I have before said that the cavalry were taken off in the direction of Ferozepore, with the exception of the 3rd Dragoons. Here, again, I may remark on the absence of the 9th Lancers, which was a general subject of regret among the officers present in the battle; a regret which I have heard repeatedly expressed both at the time and since. It is not possible to calculate the value of the services which this strong corps might have rendered in the hour of need; instead of which they were marching backwards and forwards between Ferozepore and Loodianna. Yet it is very probable that Tej Singh may have been aware that the 9th and 16th Lancers, and other corps, were on their march to join the main army, and hence have hastened his retreat.
Another objection to delay was the great scarcity of water; there being, it is said, no water at Ferozeshah, except in the village held by the enemy, and but little in the villages near it. Others, again, assert, that had the troops fallen back a little they would have found a supply of water, and that the Sikhs, moreover, would then most probably have come out of their entrenchments, and attacked the English on even ground.
At the battle of Aliwal, which took place subsequently, namely, on the 28th of January, 1846, the Sikhs did leave the little entrenchment which they had thrown up, and took up a position, their right resting on a village of the same name; their left on a circular entrenchment; and their centre on some heights.
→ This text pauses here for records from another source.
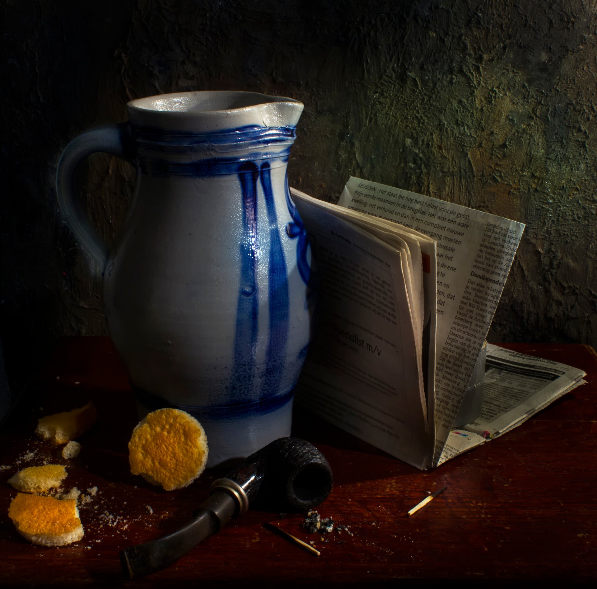 Natura morta, caffettiera, mazzo di rose, pere su un piatto, autunno, foglie di acero
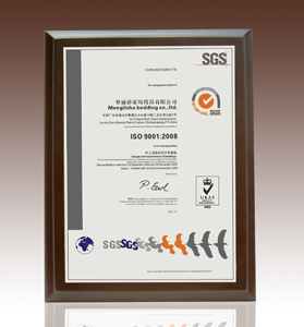 加强质量管理是企业可持续发展和提升品牌竞争力的有效方式。梦丽莎家纺自2006年,导入ISO9001质量管理体系以来,一直坚持“以质量求生存、以创新求发展”的质量理念,致力为消费者提供高质实惠的家纺产品,公司于日前第三次顺利通过国际SGS的监督审核,成功完成ISO9001-2000版向ISO9001-2008版本的转换升级。
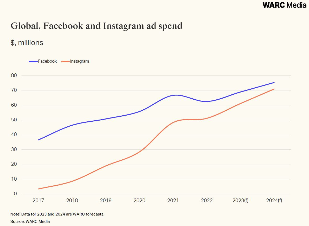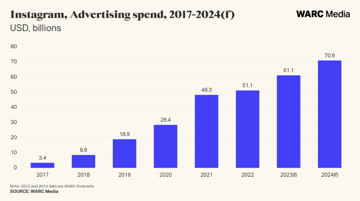 WARC Media forecasts Instagram’s advertising revenue to reach $71bn in 2024, driven by parent company Meta’s innovation with AI to assist content recommendation and advertising automation processes, as well as improved monetization of Reels, its short-form video product.

Again, it is whispered that the Governor-General and the Commander-in-Chief were desirous of making an immediate attack, in order to prevent the Sikhs from marching upon Ferozepore or Loodianna. Of Loodianna, however, there was no danger, because they would naturally attack that place by crossing at Philoor; there was far more reason to have expected an attack upon Ferozepore, for three good reasons.
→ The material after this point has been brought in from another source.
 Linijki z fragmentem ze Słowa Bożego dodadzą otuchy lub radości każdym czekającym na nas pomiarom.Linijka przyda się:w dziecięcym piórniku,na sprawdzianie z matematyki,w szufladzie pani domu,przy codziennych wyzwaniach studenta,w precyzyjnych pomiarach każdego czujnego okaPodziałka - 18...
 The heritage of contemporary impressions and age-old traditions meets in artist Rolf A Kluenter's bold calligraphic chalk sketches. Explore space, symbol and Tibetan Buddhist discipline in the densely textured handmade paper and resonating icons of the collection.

1st. Because the Sikhs had fallen back to Ferozeshah, only a few miles from Ferozepore.
2ndly. Because, as has been before stated, Runjeet Singh's Chiefs were very averse to the English having possession of Ferozepore, from which there is a direct road to Lahore, their capital; and
3rdly. Because, by their retrograde movements from Moodkee, the Sikhs joined the other infantry.
The object in not attacking till the next morning, would have been to gain information respecting the nature and strength of the enemy's entrenched position at Ferozeshah. The late Captain P. Nicolson, the assistant political agent, is said strongly to have recommended an attack on the rear of the enemy's entrenchment. Major Broadfoot, when he reached the spot, where Major-General Littler joined about noon, exclaimed, "We will now drive them out of that entrenchment."
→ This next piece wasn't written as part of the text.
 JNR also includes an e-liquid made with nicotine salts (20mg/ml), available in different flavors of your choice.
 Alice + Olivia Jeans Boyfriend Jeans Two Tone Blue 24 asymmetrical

It is said that there was a great deal of jungle about Ferozeshah, but that the ground immediately around was open. By a brief delay, it might have been ascertained that the rear was undefended by guns. It is not to be supposed that the Sikhs would have thought of an advance beyond their then position, until they had gained a victory.
Again, it is broadly asserted that the Sikhs would never have left their entrenchments, and might have strengthened them, had any delay taken place.
The Sikh force is said to have been as follows:
Battalions. Corps. Guns. French Brigade Infantry, 4 Regular Cavalry, 2 26 Buhadoor Singh's do. 4 do. 1 16 Mertab Singh's do. 4 do. 1 18 -- -- -- 12 4 60
The Infantry were 7,200 men.
Irregular Cavalry. Charaganee Horse 4,500 Orderly do. 3,500 Lall Singh's do. 1,800 Heera Singh's do. 3,500 Moolraj's do. 550 Bala Singh's do. 200 Nehing's do. 1,000 Utter Singh's do. 700 Pindeewalas 900 Dogras[14] 200 ----- 16,850
4 Corps of Regular Cavalry, about 2,000 Irregular Horse, " 16,850 ------ 18,850 Infantry 7,200 ------ Total 26,050 ------
Artillery Field Guns 60 Heavy Guns 28 --- 88 --- Zumbooruks (Camel Guns) 250 ---
The above force, with 3,000 detached Infantry, and the greater part of the Irregular Horse, marched to Ferozeshah, for the purpose of holding Moodkee; reaching this place in the evening, they fought the battle of the 18th of December, with a force of 17,000 or 18,000 men.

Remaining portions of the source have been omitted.